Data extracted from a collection
>>>
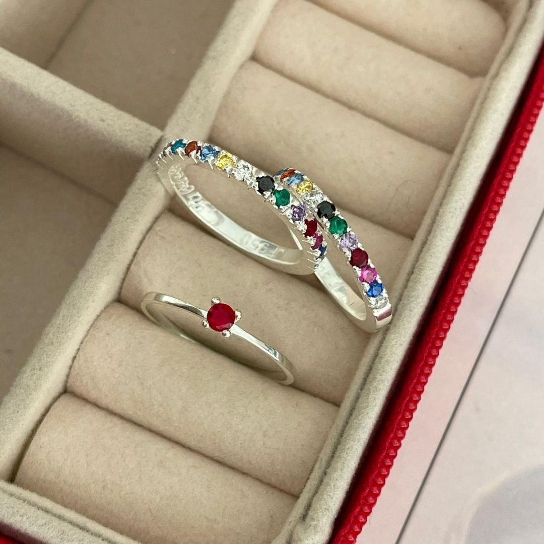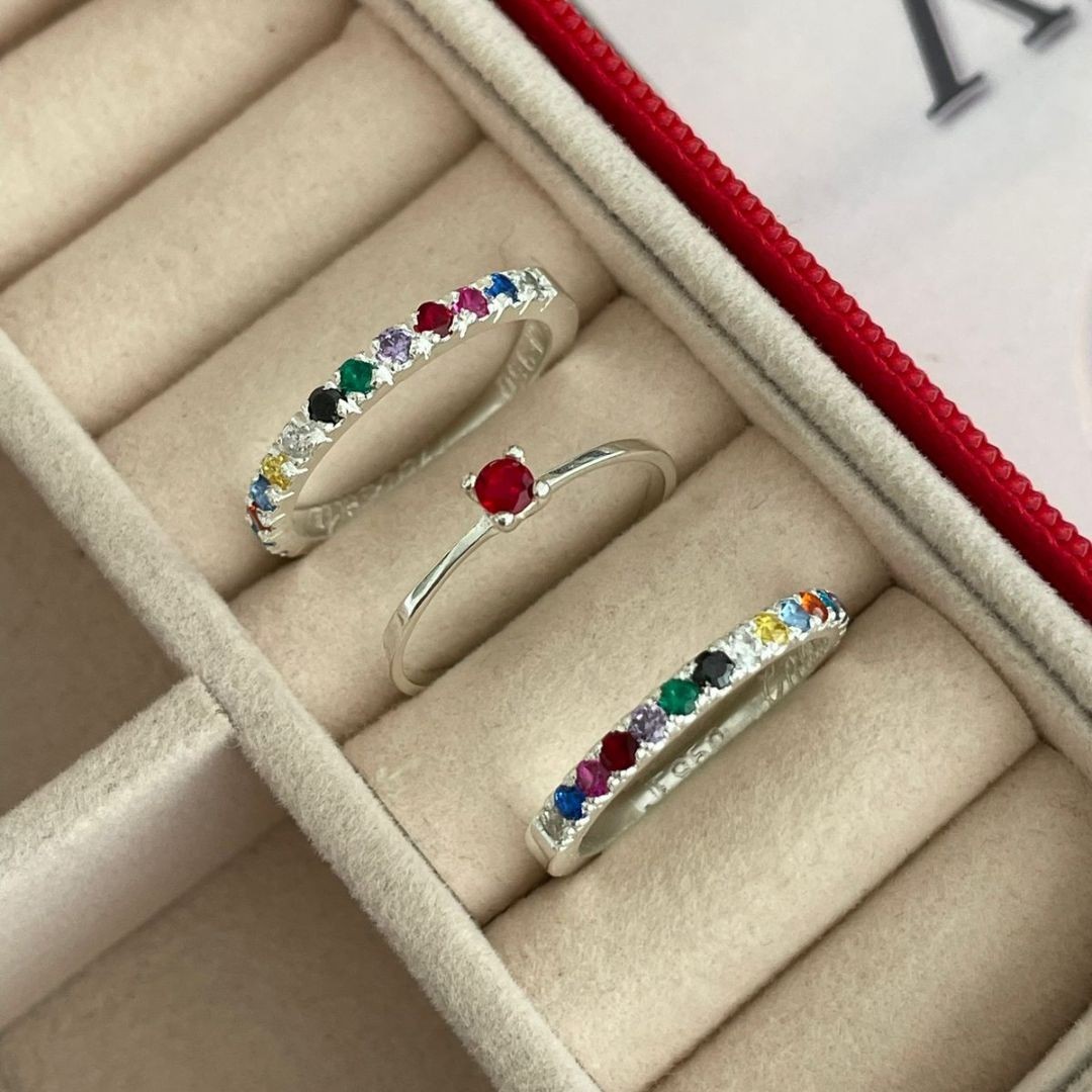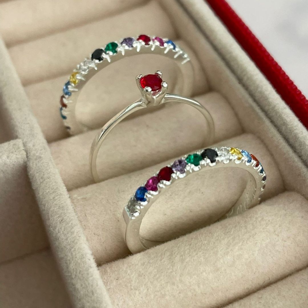Detalhes: 15 pedras de zircônias em cada aro (branco, azul escuro,rosa pink ,vermelho, roxo, verde, preto, branco, amarelo, azul claro, laranja, azul turquesa, roxo, rosa claro, branco)
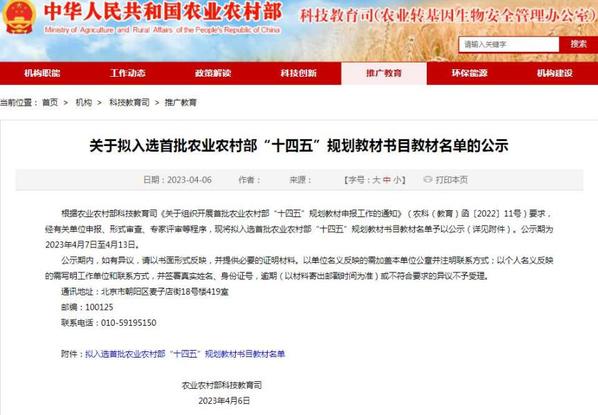学院根据《农业农村部“十四五”规划教材建设指导方案》《农业农村部规划教材管理办法》《关于组织开展首批农业农村部“十四五”规划教材申报工作的通知》要求,积极组织申报工作,成绩斐然。学院将以此为契机,加强政策支持和经费保障,激励教师积极参与教材建设,切实提高学院专业建设和人才培养质量。
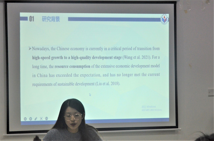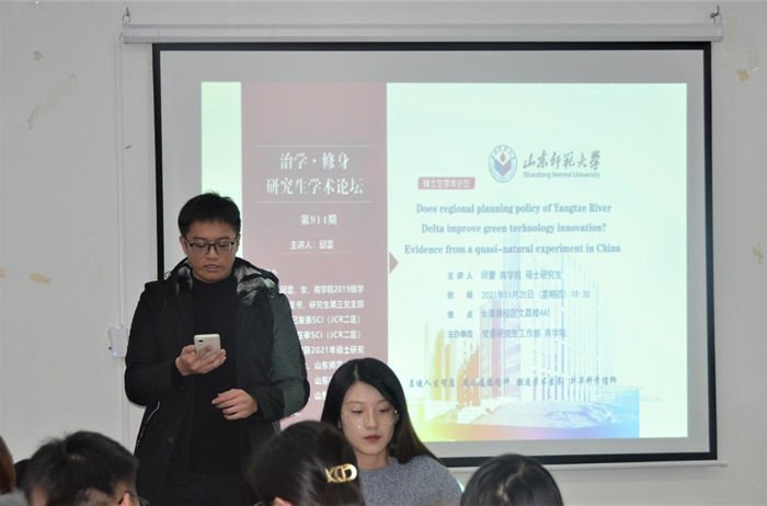 11月25日,365英国上市于长清湖校区文昌楼441教室成功举办“治学•修身”学术论坛。本次论坛的主讲嘉宾是365英国上市硕士研究生邱蕾,她以“区域规划、绿色技术进步与环境治理”为研究主题进行了精彩的学术演讲,学院部分研究生参加了此次论坛。
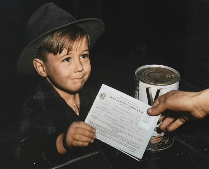 Американский ребенок получает паек по продуктовой книжке. США, 1943 год.
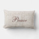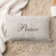En vacker beige kudde med "Peace in mörk brunt" och en bakgrund med antika skript.
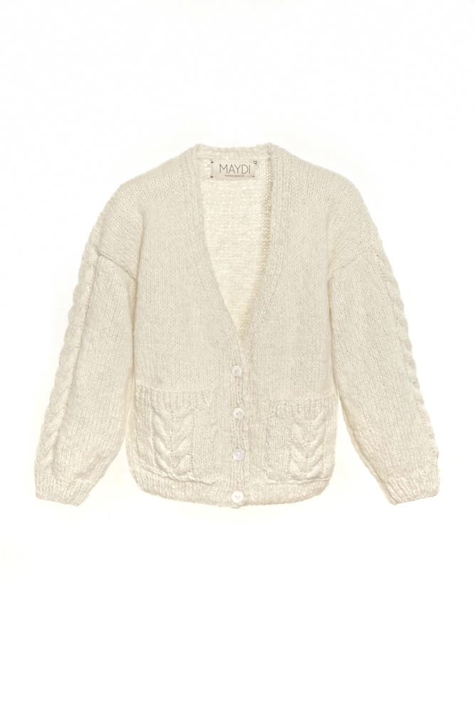 This Chapelco cardigan puffed sleeve and loose fit is hand-knitted by mohair and merino blend.
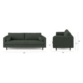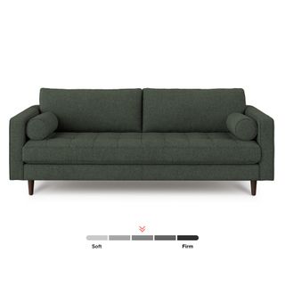 There’s a reason this is our most popular sofa. This modern take on a mid-century classic features crisp lines, a tufted benchseat, and two luxuriously stuffed back cushions. Two matching round bolsters complete the look.
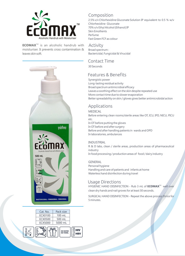 HYGIENIC HAND DISINFECTION — Rub 3 ml of ECOMAX well over clean dry hands and nail groves for at least 30 seconds. SURGICAL HAND DISINFECTION — Repeat the above process thrice for 5 minutes.
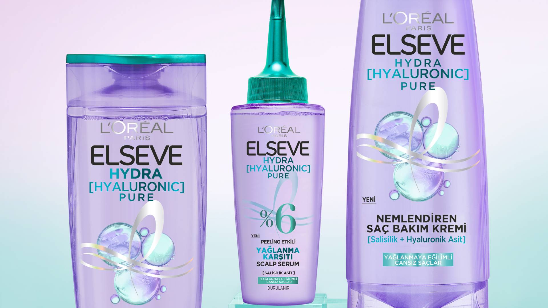 Yeni L’Oréal Paris Elseve Hydra [Hyaluronic] Pure, trend içeriklerle güçlendirilmiş inovatif formülü ile saç dipleri ve saç uçları için tek ürün ile iki etkili bakım sunuyor. Formülündeki arındırıcı Salisilik Asit saç diplerini yağ ve kalıntılardan arındırırken, Hyaluronik Asit saç boylarının nemini geri kazandırıyor. Saçları ağırlaştırmadan 72 saat boyunca* kadar temiz, canlı ve dolgun bir görünüm sunuyor.
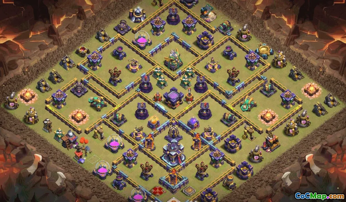 The layout includes various types of bases suitable for different aspects of the game, such as the home village, trophy base, war base, and general Clash of Clans map. Each layout is crafted to serve specific purposes, whether it’s climbing the trophy rankings or defending during clan wars. These layouts incorporate best practices for base design, including centralized Town Hall, well-distributed defenses, and effective resource protection.
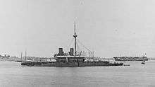 The Devastation-class ships had a complete wrought iron waterline armour belt that was 12 inches thick amidships and tapered to 9 inches (229 mm) outside the armoured citadel towards the ends of the ship. The armour plates were tapered to a thickness of 10–8.5 inches (254–216 mm) at their bottom edges respectively and they extended from the upper deck to 5 feet 9 inches (1.8 m) below the waterline. The armoured citadel protected the bases of the gun turrets, the funnel uptakes and the crew's quarters. The sides of the citadel were 12 inches thick around the bases of the turrets and 10 inches thick elsewhere. The turrets were protected by two 7–6-inch (178–152 mm) plates, separated by a layer of teak with the turret face having the thicker armour.[10] The magazine were protected by a 6-inch forward bulkhead and a 5-inch (127 mm) one aft. The conning tower ranged in thickness from 9 to 6 inches in thickness. The ships had a complete 3-inch (76 mm) upper deck that was reinforced by another 2-inch (51 mm) thick inside the citadel.[2]
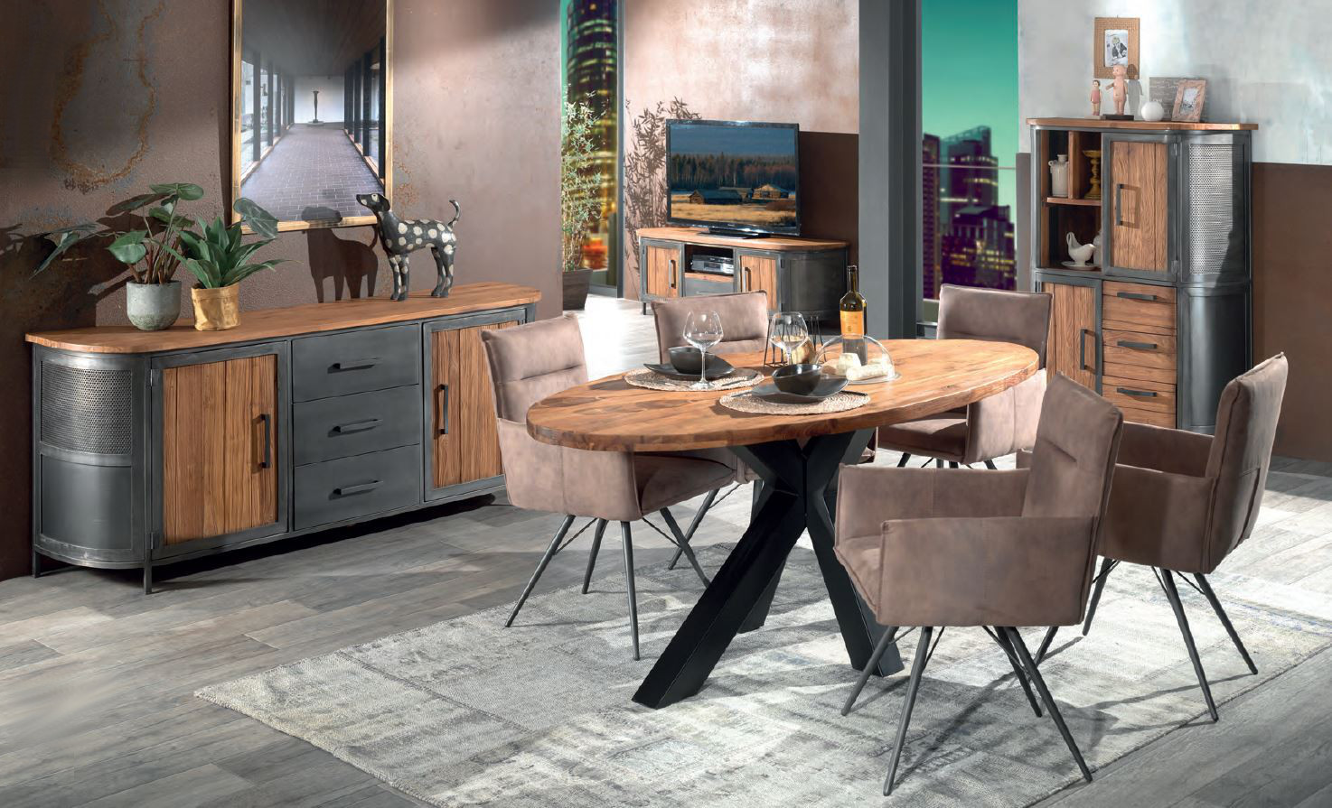 • Materiale: Teck massello naturale riciclato e metallo invecchiato
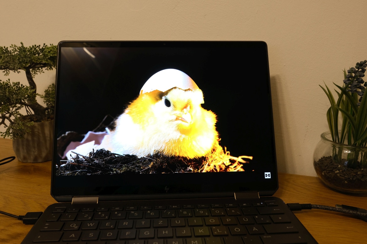 Das erstklassige OLED-Panel übernimmt das Spectre x360 ebenfalls aus dem Vorgänger. Es löst auf 13,5 Zoll mit 3.000 x 2.000 Pixeln im praktischen 3:2-Format auf, was bei der kompakten Größe für eine hervorragende Pixeldichte und entsprechend knackig scharfe Details und Texte sorgt.
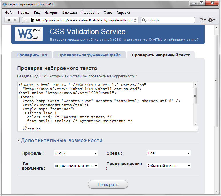 Последняя вкладка предназначена для непосредственного ввода HTML или CSS-кода, при этом проверке будет подвергнут только стиль (рис. 20.3).
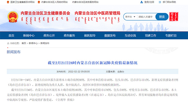 人民網呼和浩特2月22日電(趙夢月)2月22日,內蒙古衛健委通報,2月21日0—24時,內蒙古自治區報告新增本土確診病例20例,其中呼和浩特市18例,包頭市1例,巴彥淖爾市1例。新增無癥狀感染者2例(均在巴彥淖爾市)。新增病例均為重點人群、集中隔離點、封控區和管控區核酸檢測陽性。
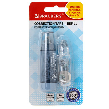 Корректирующая лента 6мм* 6м BRAUBERG 360 + сменный картридж, синий корп. блисте149.93 ₽
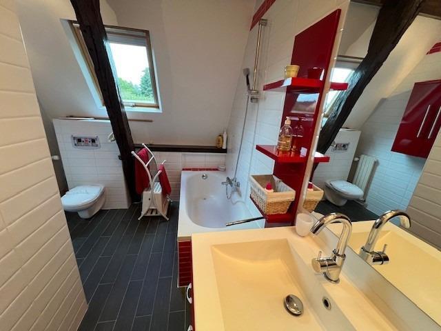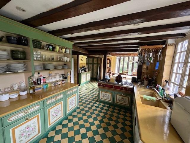 Une propriété comprenant : 1°) Une maison normande comprenant : - Au rez-de-chaussée : salle à manger, cuisine aménagée et équipée, chauffage central fuel, arrière-cuisine, buanderie, salon-salle à manger avec cheminée et poêle à bois, autre grand salon avec cheminée pierre, chambre, wc, salle d’eau. - A l’étage : 1ère partie : palier, couloir, salle de bains avec wc, salle d’eau et wc, 4 chambres. 2ème partie : une chambre, chambre avec salle d’eau, autre chambre avec salle de bains douche et wc et baignoire. 2°) Dépendance à usage de garage, atelier, chaufferie fuel, local piscine avec à l’étage salle d’eau et wc, 2 chambres, placards. 3°) Piscine 10x5 chauffée. 4°) Une maisonnette comprenant : Terrasse séjour avec cheminée Etage : salle de bains et wc. Dépendance box à chevaux ou atelier. L’ensemble sur 03ha.33a.22ca.Les informations sur les risques auxquels ce bien est exposé sont disponibles sur le site Géorisques : www. georisques. gouv. frConsultez nos tarifs : https://www.rouault-orbec.notaires.fr/tarif-honoraires.htmlMontant maximum des honoraires pratiqués par l'Office.
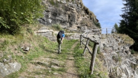 Le sentier se faufile maintenant dans une faille et Stefano est tout content de constater que des barrières de protection limite l’exposition au vide. Après deux ou trois virages très secs, nous arrivons sur un replat.
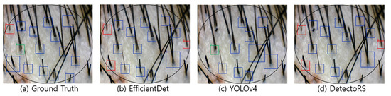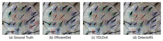 As shown in Figure 6, in cases with many strands of white hair or few strands of hair, the detection performance of all three models was degraded compared to other cases. As for the low detection performance for white hair, the white hair strands may have been considered a foreign substance present in the scalp, resulting in a failure in the classification of hair follicles. YOLOv4 detected empty follicles accurately, whereas both EfficientDet and DetectoRS classified empty follicles as Class 1. Furthermore, when both white and black hair strands were present in the same follicle, neither EfficientDet nor DetectoRS detected such a follicle successfully.
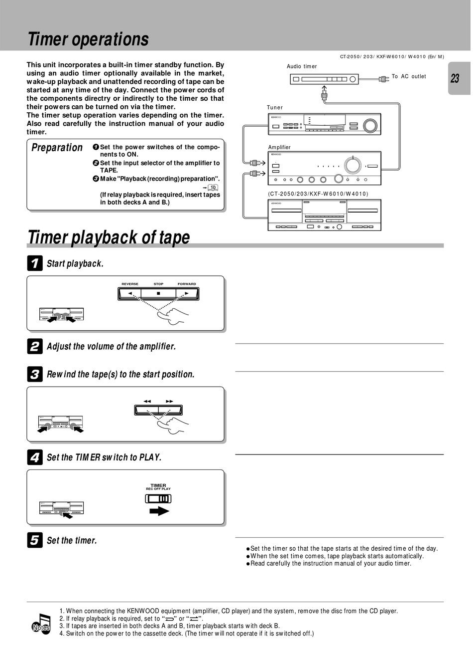 3. If tapes are inserted in both decks A and B, timer playback starts with deck B.
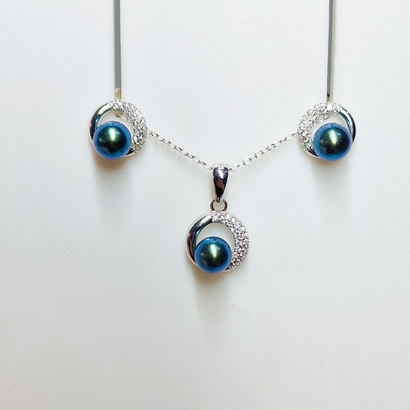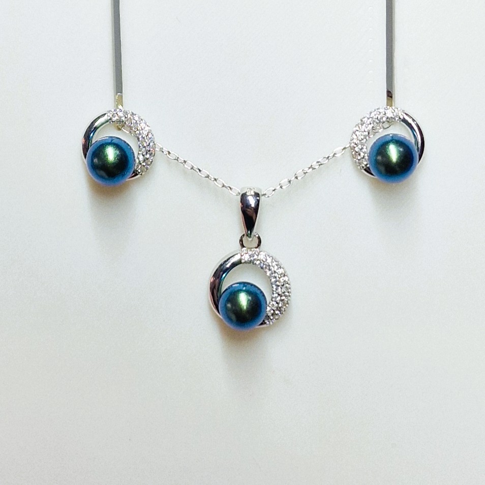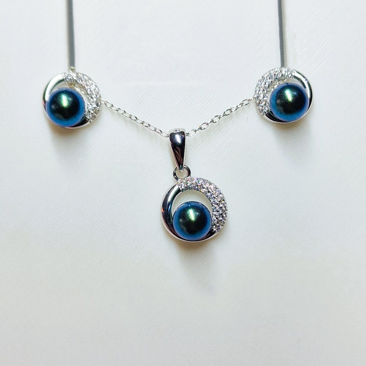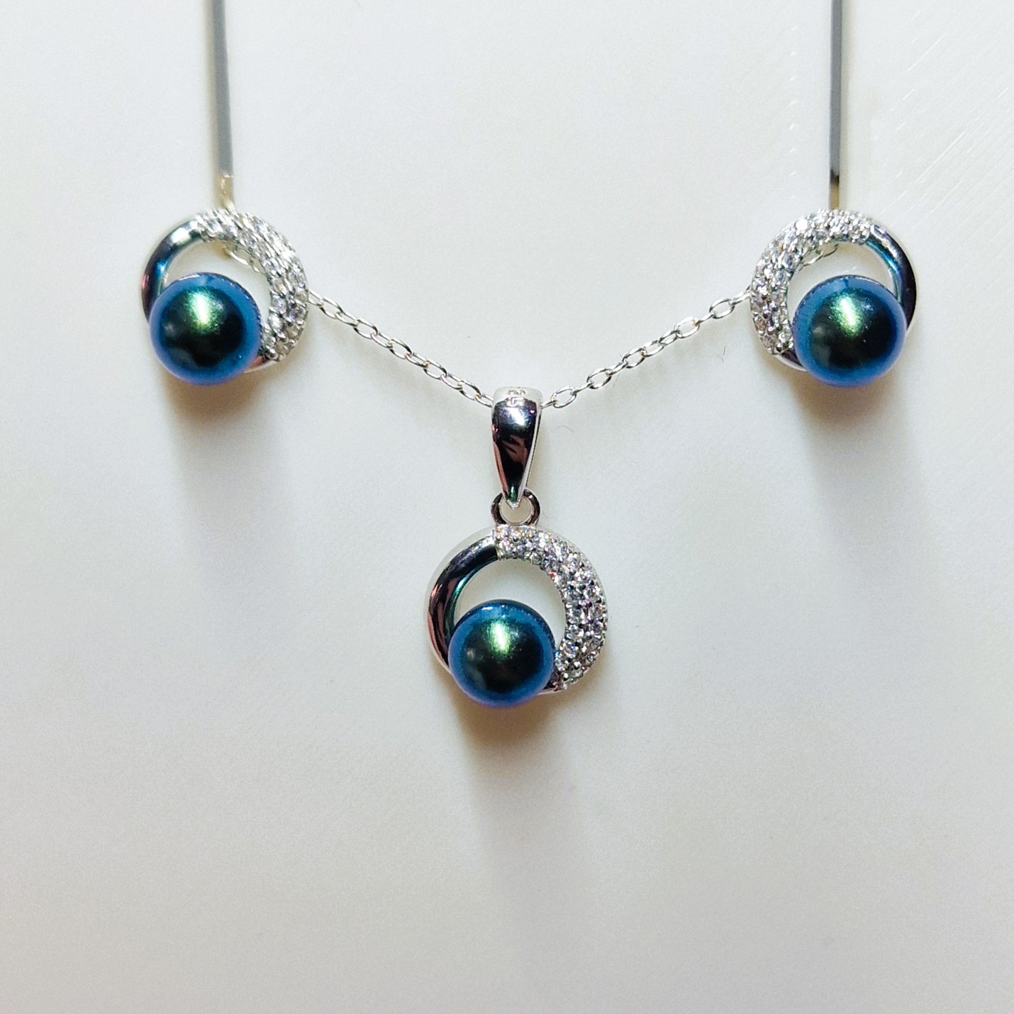 This stunning matching set, crafted from high-quality 925 sterling silver, includes a pendant, and a pair of stud-back earrings. This set features three openings designed to hold your unique pearls, making this set a perfect canvas for personalisation.
<<<
● **Required work**
Keep to the lines above from the line with "Американский ребенок получает" to the line with "HYGIENIC HAND DISINFECTION", and set down exactly those, inclusive, with nothing else and every picture left out.

● **Output**
 Американский ребенок получает паек по продуктовой книжке. США, 1943 год.
En vacker beige kudde med "Peace in mörk brunt" och en bakgrund med antika skript.
 This Chapelco cardigan puffed sleeve and loose fit is hand-knitted by mohair and merino blend.
 There’s a reason this is our most popular sofa. This modern take on a mid-century classic features crisp lines, a tufted benchseat, and two luxuriously stuffed back cushions. Two matching round bolsters complete the look.
 HYGIENIC HAND DISINFECTION — Rub 3 ml of ECOMAX well over clean dry hands and nail groves for at least 30 seconds. SURGICAL HAND DISINFECTION — Repeat the above process thrice for 5 minutes.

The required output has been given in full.